GIULIO, SEIL IL COMPOSITORE UNICO DEGLI ULTIMI TRE ALBUM DELLA BAND. ORA CHE PAOLO È SALDAMENTE NELLA LINEUP, CHE SUONA LA CHITARRA E CHE, FRA LE ALTRE COSE, SI È OCCUPATO DELLA STESURA DEI TESTI DI “SEDITION”, PENSI CHE CI SARÀ MODO DI DARGLI SPAZIO ANCHE SUL FRONTE MUSICALE NEL MATERIALE FUTURO?
“Spero proprio di sì, Paolo è un ottimo chitarrista e sopratutto un ottimo compositore. Giustamente deve dedicare il suo tempo agli Aborym, quindi staremo a vedere!”.

PENSI CHE CI SARÀ MAI SPAZIO PER UNA COLLABORAZIONE O UN OSPITE ESTERNO SU UN BRANO DEGLI HOUR OF PENANCE? CON CHI TI PIACEREBBE UNIRE LE FORZE, SE DOVESSI FARE UN NOME?
“In realtà non ci ho mai pensato!
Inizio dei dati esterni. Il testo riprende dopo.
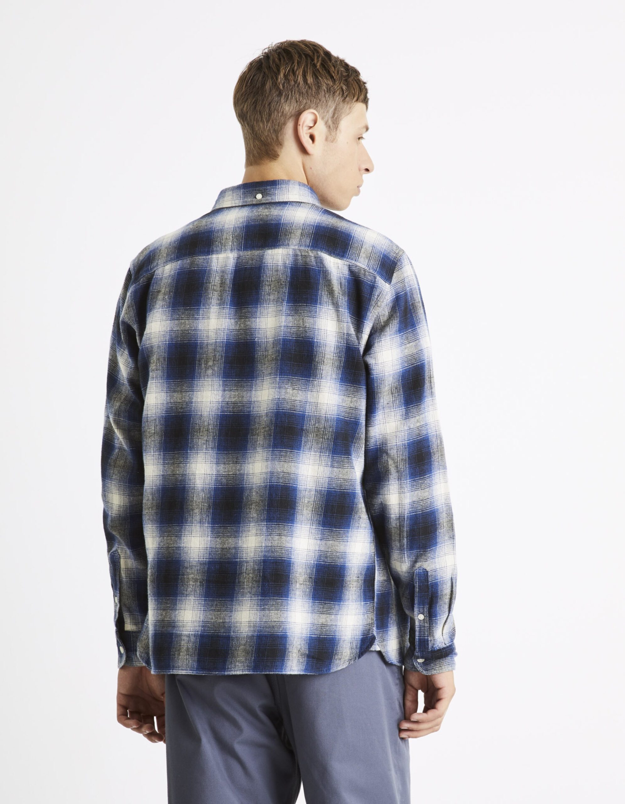 • Το καρό πουκάμισο για άντρες είναι ένα ρούχο που ταιριάζει ιδιαίτερα με τζιν και chinos, για να δημιουργήσει μια δροσερή και χαλαρή εμφάνιση. Αυτό το πουκάμισο είναι κατασκευασμένο από 100% βαμβακερή φανέλα και έχει μακριά μανίκια.
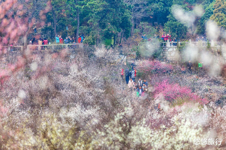 二月中旬梅花怒放,梅花山梅花品类多,早梅照旧洞开。梅岗的古典园林,有红梅、绿梅。
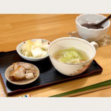 キャベツと山形ウィンナーのスープ 自家製地鶏の燻製 白菜の塩レモン漬け 振舞いおしるこ
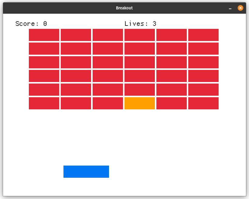 Running lesson 3 gives us something that resembles Breakout – we have the ball bouncing around, hitting bricks and destroying them but when the ball hits the bottom, it just bounces off.

Mi piacerebbe avere un assolo di Erik Rutan, il suo stile mi piace tantissimo”.

MAN MANO CHE CREATE NUOVA MUSICA, VI SENTITE PIÙ O MENO INTERESSATI A CERCARE ED ASCOLTARE ALTRI/NUOVI GRUPPI? AVETE ANCORA LA “FAME” DI UN TEMPO?
“Come dicevo prima, gruppi storici a parte, è difficile per me trovare un gruppo tra le nuove leve che mi piaccia. Insomma, la fame c’è sempre, il problema è quello che ti propongono da mangiare etichette e compagnia bella. Spesso le etichette più piccole tirano fuori quello che c’è di meglio sulla piazza al momento”.
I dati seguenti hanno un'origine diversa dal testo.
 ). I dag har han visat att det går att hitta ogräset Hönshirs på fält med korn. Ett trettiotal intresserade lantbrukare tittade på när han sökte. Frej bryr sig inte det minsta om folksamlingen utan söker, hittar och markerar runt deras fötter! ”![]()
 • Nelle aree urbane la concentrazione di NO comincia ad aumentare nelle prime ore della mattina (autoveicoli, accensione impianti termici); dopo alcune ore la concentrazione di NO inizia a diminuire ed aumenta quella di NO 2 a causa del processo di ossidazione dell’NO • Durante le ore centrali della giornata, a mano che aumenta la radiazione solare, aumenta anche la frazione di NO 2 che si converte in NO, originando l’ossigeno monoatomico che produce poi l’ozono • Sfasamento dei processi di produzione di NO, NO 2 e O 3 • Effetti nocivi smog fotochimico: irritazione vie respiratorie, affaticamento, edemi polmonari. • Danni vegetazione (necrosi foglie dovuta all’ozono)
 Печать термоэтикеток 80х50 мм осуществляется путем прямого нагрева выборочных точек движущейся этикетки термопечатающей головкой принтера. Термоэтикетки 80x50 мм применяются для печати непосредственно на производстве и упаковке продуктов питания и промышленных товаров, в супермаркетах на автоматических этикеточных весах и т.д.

ULTIMAMENTE A QUALE PERIODO O STILE MUSICALE VI SENTITE PIÙ ATTRATTI A LIVELLO DI ASCOLTI?
“Assolutamente ‘vecchia scuola’. Anche se non amo la divisione ‘nuova’/’vecchia’ scuola, il periodo fine anni 90′ è quello sicuramente che ci rispecchia di più. Con questo chiaramente non voglio escludere le ottime uscite discografiche death metal di oggi: ce ne sono alcune degne di nota, come l’ultimo Dim Mak, ad esempio, disco sottovalutatissimo”.
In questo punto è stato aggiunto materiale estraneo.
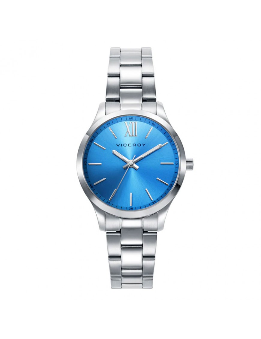 Reloj Viceroy para mujer 401180-93. La esfera es de acero y mide 34 mm de diámetro. La pulsera es del mismo material y lleva cierre de doble pulsador. Es sumergible a 5ATM y permite el nado en superficie sin inmersión. Garantía de tres años.
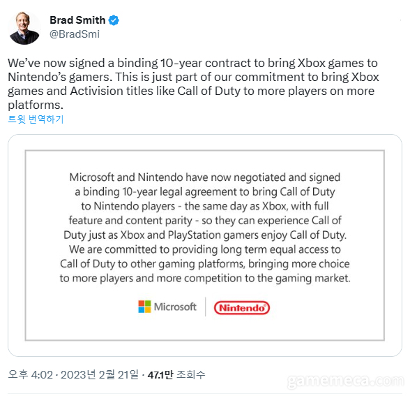▲ 닌텐도와의 10년 게임 제공 계약에 대한 MS 브래드 스미스 사장의 트윗 (자료출처: MS 브래드 스미스 사장 트위터) |
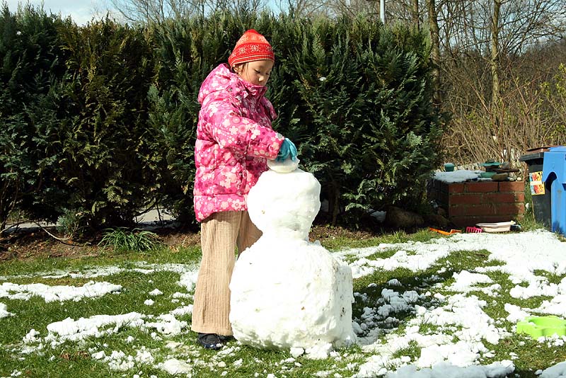 지난 밤에 내려서 조금 쌓였던 눈을 모아서 샤론이가 눈사람을 만들었습니다.
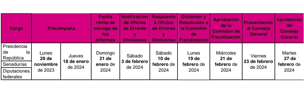 Precampañas iniciarán el 20 de noviembre de 2023 y concluirán el 18 de enero
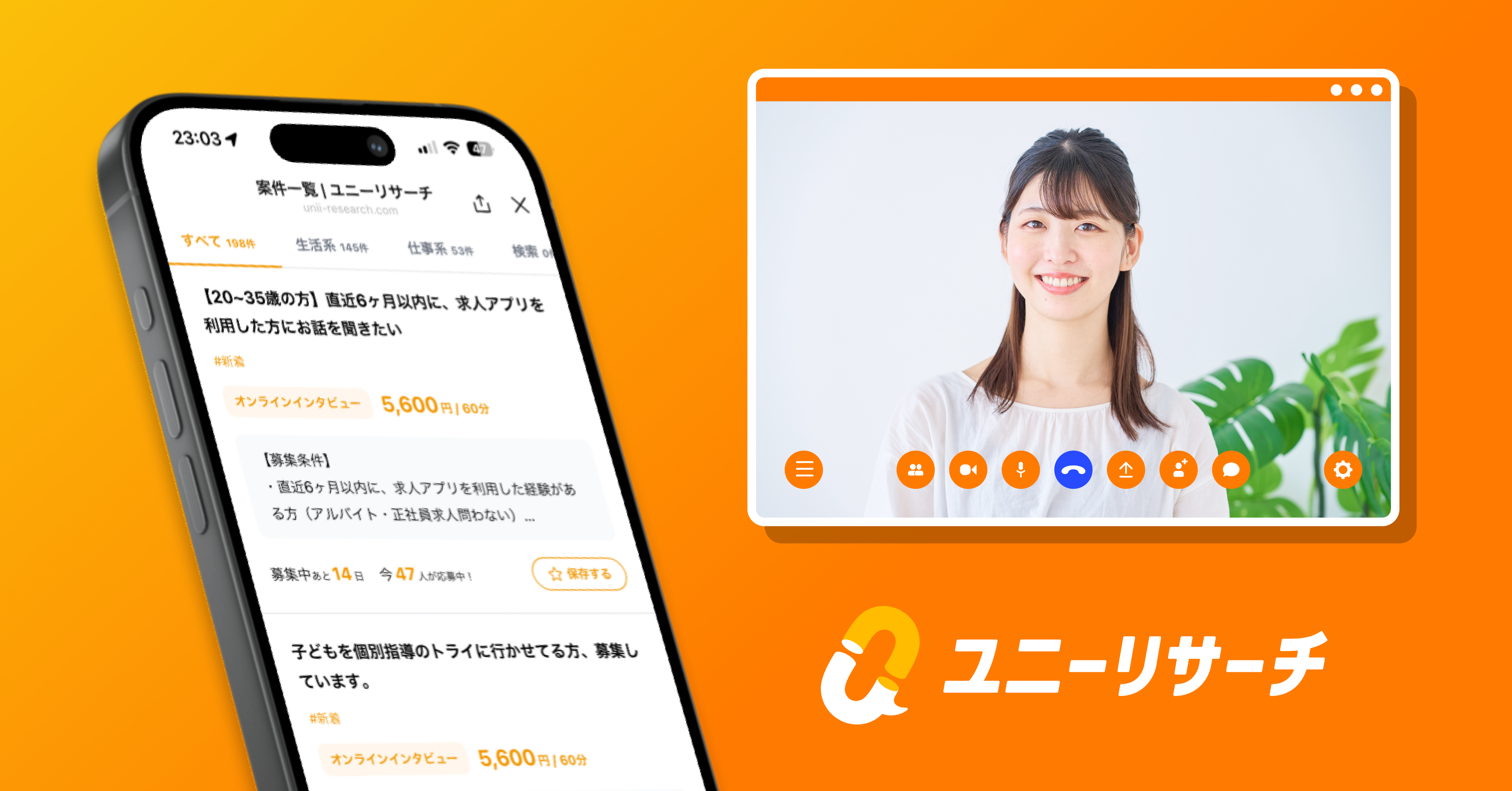 当社が提供する「ユニーリサーチ」は、最短当日・従来調査会社の10分の1以下のコストでユーザー調査が可能な国内最大級のダイレクトリサーチプラットフォームです。

PENSI CHE UN GENERE DI MUSICA “POP, MA NON POPOLARE” COME IL METAL POSSA ESSERE CONSIDERATO ARTE? CHE COSA DISTINGUE L’ARTE DALL’INTRATTENIMENTO?
“Non parlo perchè sono di parte, ma penso che il metal, e sopratutto il metal estremo, oggi vanti musicisti formidabili che fanno non solo di questa musica una passione – o per i più fortunati un lavoro – ma anche uno stile di vita. Penso che chiamare metal arte sia più che giusto, considerando che si tratta sempre di musica, suonata come dicevo a livelli tecnici molto alti (e non parlo solo di death metal chiaramente). Che poi sia apprezzata o meno e che purtroppo non riceva la giusta esposizione e attenzione da parte del pubblico è un altro discorso. In realtà, poi dipende anche dal contesto in cui questa musica viene suonata: chiaramente l’attenzione che riceve questa musica in Italia non può essere neanche lontanamente paragonata a un contesto come quello americano, ma non credo di aver detto una ‘novità’. In ogni caso, l’arte e l’intrattenimento a volte vanno di pari passo, basta prendere come esempio gruppi come i Behemoth, che ormai non si preoccupano solo di salire sul palco e suonare, ma di creare un vero e proprio spettacolo”.

COME DICEVAMO, GLI STATI UNITI HANNO AVUTO LA LORO PRIMA DOSE DI HOUR OF PENANCE. PENSATE DI TORNARE DA QUELLE PARTI NEL PROSSIMO FUTURO? A QUANDO INVECE IL PROSSIMO TOUR EUROPEO? QUALI SONO I VOSTRI PIANI SUL FRONTE LIVE PER IL 2012 E PER LA PROMOZIONE DI “SEDITION”?
“Contiamo di tornare negli Stati Uniti il prima possibile, stiamo vagliando alcune possibilità proprio in questi giorni. Per quanto riguarda l’Europa, si avvicina l’Hellfest in Francia, che non penso abbia bisogno di presentazioni. Nei primi di luglio invece seguiremo l’Extreme Fest in Svizzera, Austria e Germania con Cannibal Corpse, Exodus, Marduk, Destroyer 666 e molte altre band: sarà un vero delirio. A settembre siamo di nuovo in Svizzera per il Carnage Fest con alcune band italiane come Blasphemer e Onirik e stiamo vedendo anche per un tour qui in Europa. Sarà un 2012-2013 molto impegnato… se tutto non finirà il 20 dicembre 2012”.

GRAZIE MILLE! LE ULTIME PAROLE FAMOSE?
“Grazie a voi, come al solito, per lo spazio concessoci e grazie ai vostri lettori! Support death metal! Alla prossima!”.